Testosterone and Bioavailable Testosterone Help to Distinguish between Mild Cushing’s Syndrome and Polycystic Ovarian Syndrome*

M E Pall 2, M C Lao 2, S S Patel 2, M L Lee 1, D E Ghods 1, D W Chandler 3, T C Friedman 1
PMCID: PMC2954657  NIHMSID: NIHMS237587  PMID: 18819057

Abstract

Women with Cushing’s syndrome (CS) and polycystic ovarian syndrome (PCOS) may present with similar symptoms. Subjects with mild CS lack clinical stigmata of classical CS and often have normal laboratory tests measuring hypercortisolism. Thus, distinguishing mild CS from PCOS may be difficult. We hypothesized that either total testosterone (TT) or bioavailable testosterone (BT) levels or the calculation of the free androgen index (FAI) would be low in patients with mild CS and elevated in patients with PCOS, and could help differentiate the two conditions. TT, BT, and FAI were measured in a group of 20 patients of reproductive age with mild CS and 20 PCOS patients matched for age and BMI. We used receiver operator characteristic (ROC) curves to assess the sensitivity and specificity of these measurements for the diagnosis of CS. TT (p<0.0001), BT (p=0.02), and FAI (p=0.003) were significantly elevated in PCOS patients compared to mild CS patients. Sex hormone-binding globulin was similar in both groups. The optimal cut-point for TT was 1.39 nmol/L, yielding a sensitivity of 95 % and a specificity of 70%. The cut-point for BT was 0.24 nmol/L, resulting in a sensitivity of 75 % and a specificity of 80%. The cut-point for FAI was 5.7, with a sensitivity of 88 % and a specificity of 60 %. We conclude that TT levels may be useful to discriminate between mild CS and PCOS. In patients with signs and symptoms consistent with CS and PCOS, a TT level of <1.39nmol/L warrants a workup for CS.
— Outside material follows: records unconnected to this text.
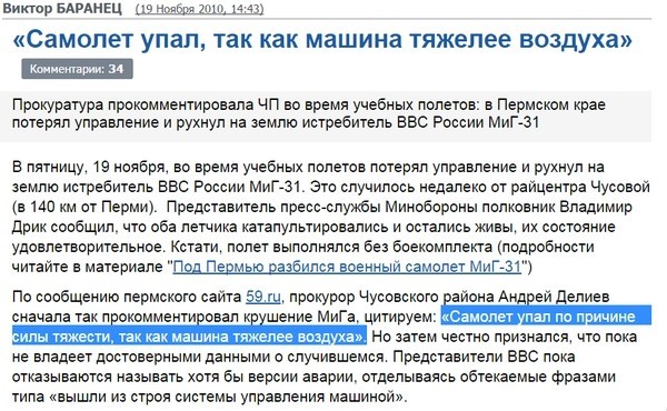 Оказалось, что Джен Псаки такие слова не произносила - это сделал прокурор Чусовского района Пермского края Андрей Делиев совсем по другому поводу. "Самолет упал по причине силы тяжести, так как машина тяжелее воздуха", - так прокомментировал Делиев падение истребителя МиГ-31 в ходе учебных полетов в ноябре 2010 года.
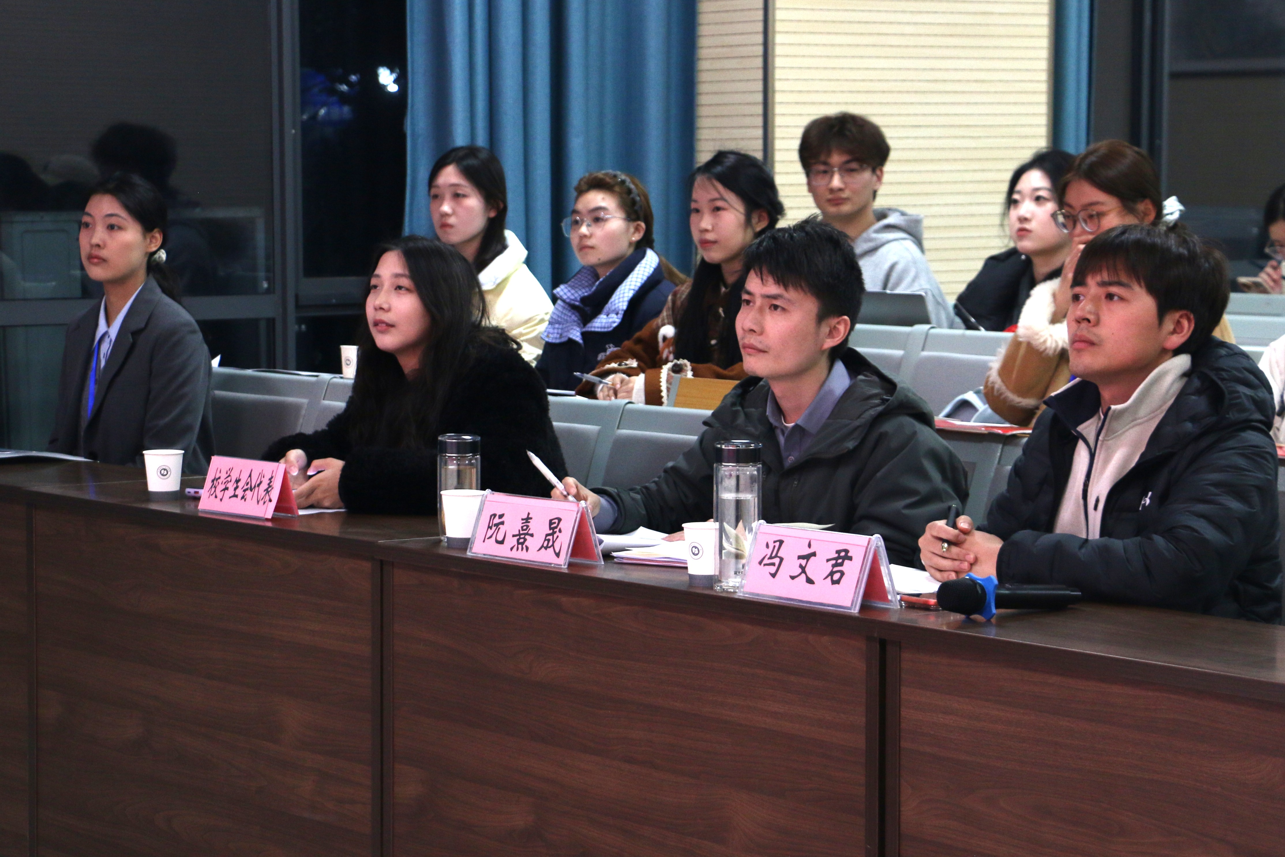 3月19日晚,必赢线路检测3003no12025-2026学年学生组织工作人员述职评议会在文典楼F108报告厅举行。学院团委书记阮熹晟、团委副书记冯文君、校学生会代表参加会议。会上,各学生组织负责人依次进行工作汇报。
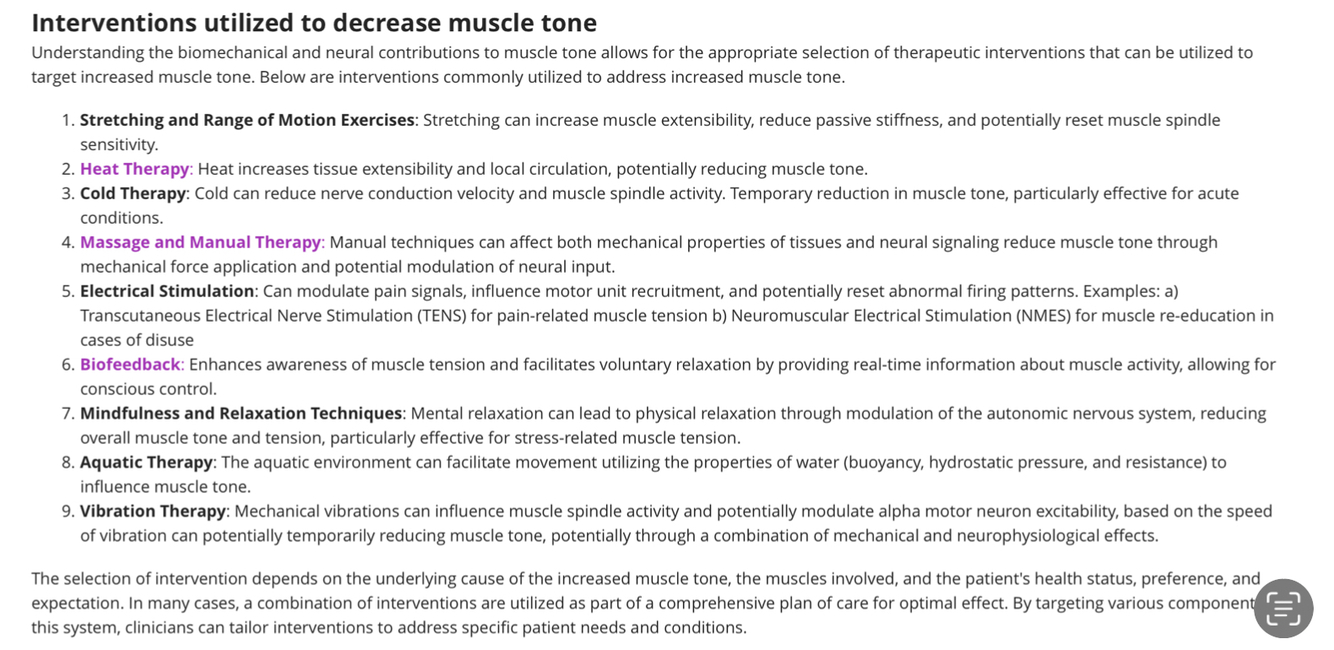 List interventions utilized to decrease muscle tone

Keywords: Cushing’s syndrome, PCOS, episodic, periodic, androgens, testosterone, ROC

Introduction

Cushing’s syndrome (CS) is a relatively rare disorder with potential catastrophic consequences when diagnosis is delayed. The incidence of the disorder ranges from 0.7 to 2.4 per million population per year, however, recent data suggest that CS is more common than previously thought [1]. Most of the affected adults are aged 25–50, and the female/male ratio is 3:1 to 8:1 [2]. Most published articles on CS have examined patients with sustained and severe hypercortisolism. However, because of increased recognition of CS, a greater number of mild cases of CS are being detected [3]. These patients may have episodic hypercortisolism, so that tests used to diagnose CS may be normal on some occasions and elevated on other occasions [4,5]. Polycystic ovarian syndrome (PCOS) is the most common endocrine disorder of reproductive-aged women, affecting approximately 6–8% [6]. The diagnosis of PCOS requires exclusion of other causes of androgen excess and ovulatory dysfunction disorders, one of those being CS [6]. There are three principal features of PCOS; hyperandrogenism, ovulatory dysfunction, and polycystic ovarian morphology on ultrasound [6].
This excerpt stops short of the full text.